We had, you know, in terms of the macros and trying to get at what you are getting at I think, Joe, is the only thing that we can find, because certainly the macros in China look really good on some of the more industrial kind of side of the economy, but when you look at consumer confidence actually it’s kind of bumping along the bottom, so that might be a reasonably good indicator of the consumer side of the equation. And then also consumer savings deposits are actually increasing at a pretty rapid rate, so there’s -- at least there’s no -- if that one particular indicator is no sign of the consumers opening up their pocketbooks on a fairly decent pace.

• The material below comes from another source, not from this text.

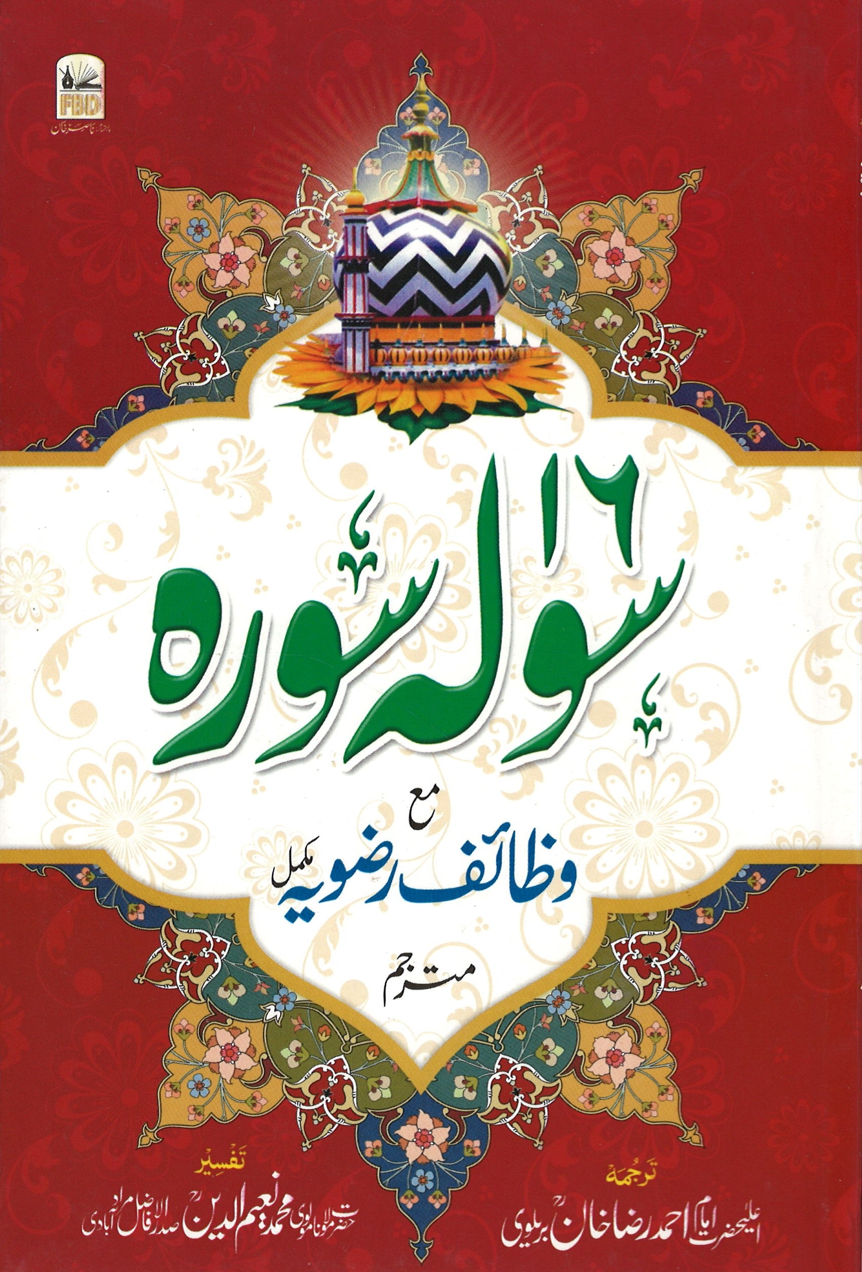 16 Surah with Wazaif Rizvia (complete) is likely a collection of 16 Surah & supplications (wazaif) compiled and Urdu Translation by Ahmad Raza Khan, a prominent Islamic scholar and theologian in South Asia. This collection is expected to encompass a wide array of prayers, supplications, and spiritual practices derived from Islamic teachings. Ahmad Raza Khan, known for his deep knowledge of Islamic jurisprudence, theology, and spirituality, likely compiled these supplications to provide guidance and assistance to Muslims in their spiritual journey.

Joe Buckley - Banc of America Merrill Lynch

Okay, and last question -- could you talk about check versus traffic, what you saw in this quarter and what kind of pricing or price laps you have coming up in the second half?

Tim Jerzyk

We did lose two to three points of pricing in March, so at the beginning of the second quarter in China. And then we’ll lose -- right now all we are carrying is about 2.5, 3, and that will roll off in a month and we don’t plan any new pricing. Check is actually about flat in China. U.S., $4.

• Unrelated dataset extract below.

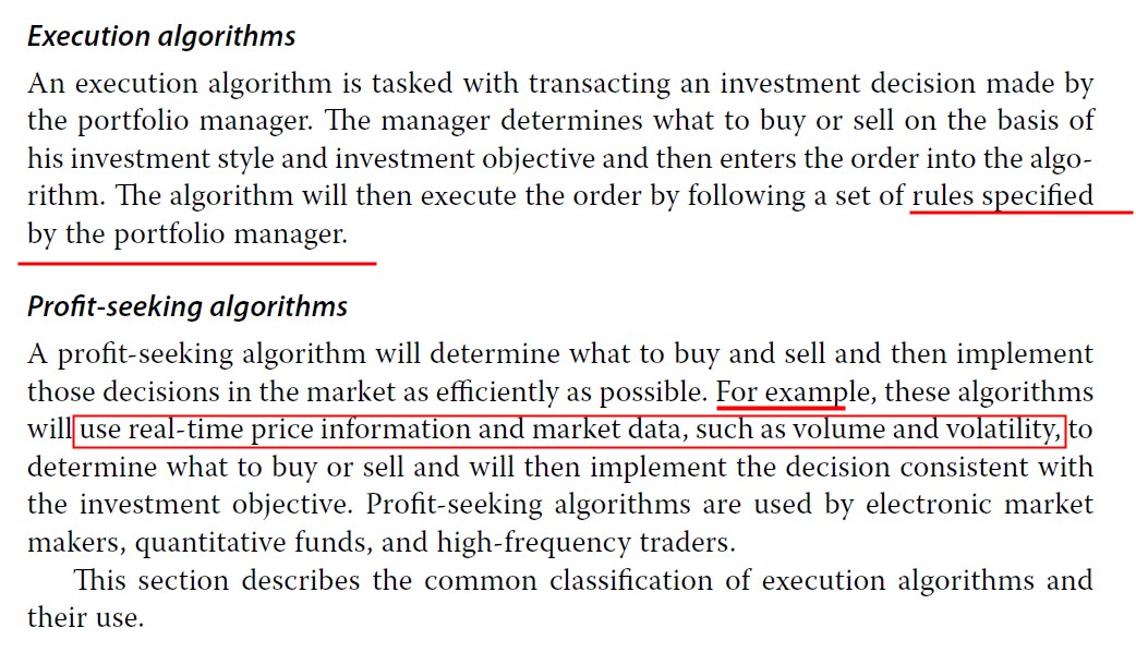 Execution algorithms是按照特定的规则执行的,强调的是执行方法,因为有很多顾虑(交易成本,信息是否会泄露等)需要考虑到

Joe Buckley - Banc of America Merrill Lynch

Okay, so the down 4 is really all traffic in the second quarter?

Tim Jerzyk

Correct.

Joe Buckley - Banc of America Merrill Lynch

Okay. All right, thank you.

Tim Jerzyk

Thanks, Joe. Next question please, Rachel.

Operator

Your next question comes from the line of John Glass with Morgan Stanley.

John Glass - Morgan Stanley

Thanks. I’ll throw one more on China, then a follow-up on commodities -- you’ve been reticent in China to discount, or more reticent maybe than McDonald’s has. Does a protracted downturn there in the consumer change your view on how you want to drive traffic in that business going forward? Or maybe you could just review where you stand in kind of a promotional strategy in China?

David C. Novak

Well first of all, I think we have very strong everyday value going in, so we think our value equation is good. We are doing some snackable type products at the low-end to provide even more value for the second half of the year but we feel good about our overall proposition.

The thing about China which is so powerful is our unit economics are fantastic. We continue to have great unit economics at the sales levels that we’re at and we are obviously going to do whatever we can to get the same-store sales up. But the big driver for China over the long-term is going to be the opening of the new units, which we think we are in the very early innings on with returns that I don’t think anybody else in the industry has anywhere.

So we are very bullish on China over the long-term and we’ll continue to push for both same-store sales and system sales growth through the new units. And the other thing that I think is very powerful for us is that when we look at our brand measures, you know, the regard for the brand across all the key measures, we are as strong if not stronger than ever. So as we go forward, the China equation is very, very strong.

John Glass - Morgan Stanley

Great, and then Rick, can you just go through the commodity outlook for the back half of the year by region? What are you expecting in terms of inflation or deflation in each of the three major regions in the back half? And maybe if you could compare that to what you thought at the beginning of the year?

Richard T. Carucci

Well, clearly as I said, commodities have been much more favorable than what we thought would happen at the beginning of the year. China in the back half of the year, we could expect $50 million of deflation, primarily led by chicken and oil would be the second biggest item to that.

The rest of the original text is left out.